Lucio Bizzini at the University of Geneva Hospitals challenged me to think more about the distinction between healthy aging and frailty in later life and influenced changes in this edition. Inger Hilde Nordhus and her colleagues at the University of Bergen (Norway) were among the first to encourage me to think beyond the boundaries of the United States with regard to psychotherapy and aging, and they also provide a good model for theoretical integration of psychodynamic and cognitive behavioral approaches with older adults.
And, of course, thanks to all of the older adults who shared their lives with me or with the trainees that Ive supervised (and so with me via recording of their therapy sessions). Their active participation in, and resistance to, the therapeutic process is the foundation upon which this book rests.
Preface
T he knowledge base for psychotherapy with older adults continues to grow and to refine the image of later life that can inform and guide clinical work with older adults. Since the second edition of this book went to press in 1995, a number of books and handbooks related to this topic have appeared, and the pace of research both in clinical geropsychology and in the basic science of life span developmental psychology has increased. One goal of this revised edition is to incorporate these new findings, both in updating information and in revising the contextual, cohort-based, maturity, specific-challenge (CCMSC) model in some respects.
There are two new chapters in this volume. In several conversations with other clinical geropsychologists since the second edition appeared, I have been asked why I have not addressed working with clients who have dementing illnesses.
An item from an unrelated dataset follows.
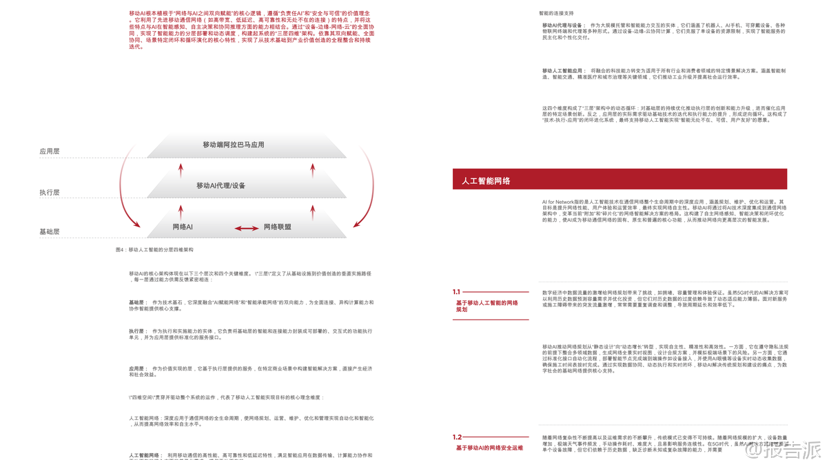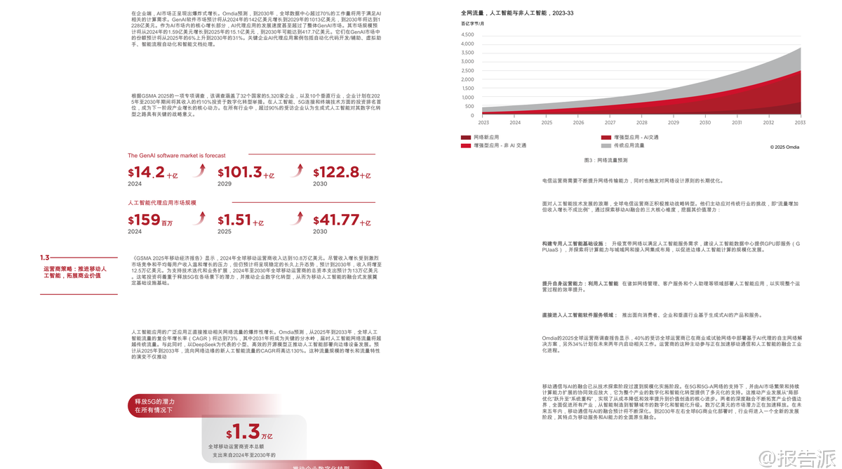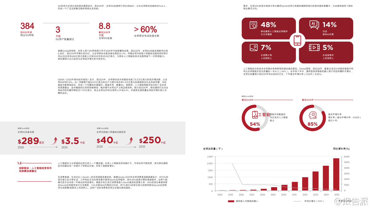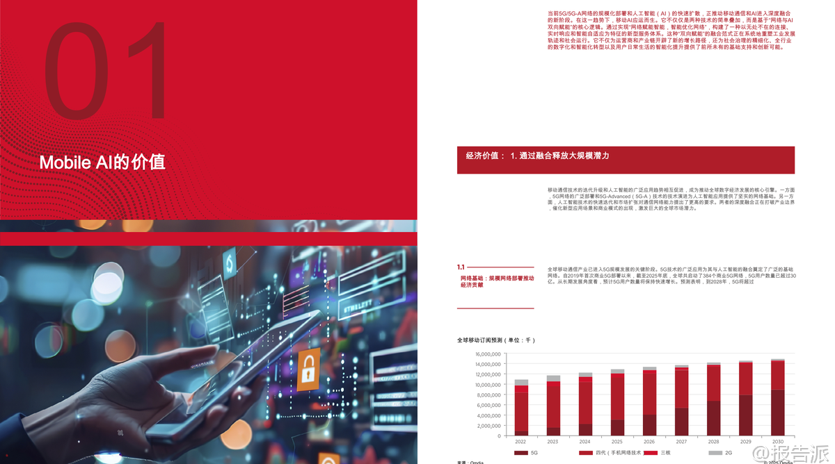 | 随着5G、5G-A的规模化部署和人工智能技术的迅猛发展,全球正迈向“移动人工智能”(Mobile AI)的新纪元。 这份由GSMA与GTI联合发布的《2026移动人工智能行业白皮书》系统性地阐述了Mobile AI的核心价值、技术架构、实施路径及未来发展方向,为产业界提供了权威的战略指引。 Mobile AI并非通信与AI的简单叠加,而是基于“网络与AI双向赋能”的深度融合范式。 其核心逻辑在于“网络赋能智能,智能优化网络”,通过构建一个覆盖“设备-边缘-网络-云”的协同智能体系,实现智能服务的无处不在、安全可信与高效可用。 这一融合正在重塑全球数字经济格局,成为推动高质量发展的关键引擎。 从经济价值看,Mobile AI释放出巨大的市场潜力。 截至2025年底,全球已启动384个商用5G网络,用户超30亿。 预计到2030年,移动产业对全球GDP的贡献将接近11万亿美元,占比达8.4%。 与此同时,生成式AI(GenAI)在消费端快速普及,75%的受访者已在日常生活中使用GenAI应用,其中近四成愿意为高级功能付费。 企业端同样展现出强劲需求,超过90%的企业认为GenAI对其数字化转型具有战略意义。 Omdia预测,到2030年,全球数据中心超70%的工作负载将用于AI计算,GenAI软件市场规模将突破1200亿美元,AI代理应用的复合年增长率更是高达85%,显示出爆发式增长态势。 在此背景下,电信运营商正积极转型,探索三大商业路径:一是构建专用AI基础设施,如建设AI数据中心提供GPU即服务(GPUaaS);二是利用AI提升自身运营效率,如在网络管理、客户服务中部署AI代理;三是直接进入AI软件服务领域,推出面向C端和B端的AI产品。 目前已有40%的全球运营商在现网部署了AI驱动的自主网络解决方案,另有34%计划在未来两年内推进相关项目。 Mobile AI的技术内涵体现在“三层四维”架构中。 “三层”指基础层、执行层和应用层,形成从底层支撑到价值落地的完整链条;“四维”则涵盖AI for Network、Network for AI、Mobile AI Agents/Terminals和Mobile AI Applications,共同驱动生态系统演进。 其中,AI for Network致力于实现网络的自动化规划、运维、优化与安全,推动向L4级及以上自主网络迈进;而Network for AI则强调通过增强连接、细粒度保障和跨层协作,满足AI应用对高带宽、低时延、高可靠性的严苛要求。 终端层面,智能设备正经历智能化跃迁。 白皮书提出终端智能化五级划分(L1-L5),当前L3级辅助型代理快速发展,预计2030年有望实现L4专家级能力。 典型实践包括家庭服务机器人、工业多机协作、机械导盲犬等,均依托“终端-边缘-云”协同架构,在保证实时响应的同时降低硬件成本与能耗。 特别是针对中低端设备,云代理架构使其无需高性能芯片即可获得持续升级的智能服务能力,有效促进AI普惠化。 应用场景上,Mobile AI已在多个垂直行业落地生根。 在智能制造中,通过“端侧推理+边缘协作”实现缺陷检测、AR辅助装配,提升生产安全性与灵活性;城市治理借助“计算前置”策略,仅上传异常事件数据,显著降低传输压力并保护公民隐私;智能交通采用车路云一体化方案,结合C-V2X与边缘计算,突破单车智能局限,为L3/L4自动驾驶铺路;智慧医疗则通过便携式AI终端赋能基层诊疗,实现院前急救预警与远程会诊,推动“以治病为中心”向“以健康为中心”转变;能源电力领域利用AI无人机与防爆机器人完成高危巡检,提升作业安全与效率。 面向未来,报告呼吁全产业协同推进五大关键路径:一是加强基础设施建设,重点突破上行链路瓶颈,发展AI原生网络;二是开展前瞻性频谱规划,加快6GHz与毫米波部署;三是推动技术创新,构建端到端可信的安全体系;四是加速终端生态进化,实现软硬件深度融合;五是建立全球统一标准体系,破解接口碎片化难题。 总体而言,Mobile AI正处于从“融合应用”向“原生共生”演进的关键阶段。 随着5G-A全面商用和6G研发推进,一个以智能为核心、连接为基础、安全为底线的全新数字生态正在形成。 唯有政策引导、技术突破与商业创新多方合力,才能真正释放其变革潜力,构建开放、包容、负责任的移动AI未来。 本文由【报告派】研读,输出观点仅作为行业分析! 原文标题:原文标题:2026-03-05-GTI&GSMA-2026移动人工智能行业白皮书(英译中) 发布时间:2026年 出品方:GSMA 文档页数:39页

When Sage asked me to work on this revision, the reviewers that they contacted also mentioned the lack of coverage of psychotherapy with persons with dementia in earlier editions. It is one marker of the changing attitudes toward psychological interventions with persons with dementia that this would be a consensus request at present. A chapter on working with persons at various levels of cognitive impairment appears in this edition.
The second chapter also covers an omission that occurred to me shortly after the publication of the second edition. Although I have been professionally involved in services to caregivers since 1980, helped to organize one chapter of the Alzheimers Association, and have been faculty director of the Los Angeles Caregiver Resource Center since 1989, the earlier editions of this book have not specifically covered psychological interventions with caregivers of the frail elderly. Clearly, caregiving is one of the specific challenges of later life and so deserves the new chapter devoted to it in this volume.
Another change in this volume is the incorporation of some of the case material from Older Adults in Psychotherapy (Sage, 1992). The integration of these case examples in abbreviated form into the discussion of psychotherapy is intended to enrich and provide concrete examples of the points covered in this discussion of changes in psychotherapy when working with older adults.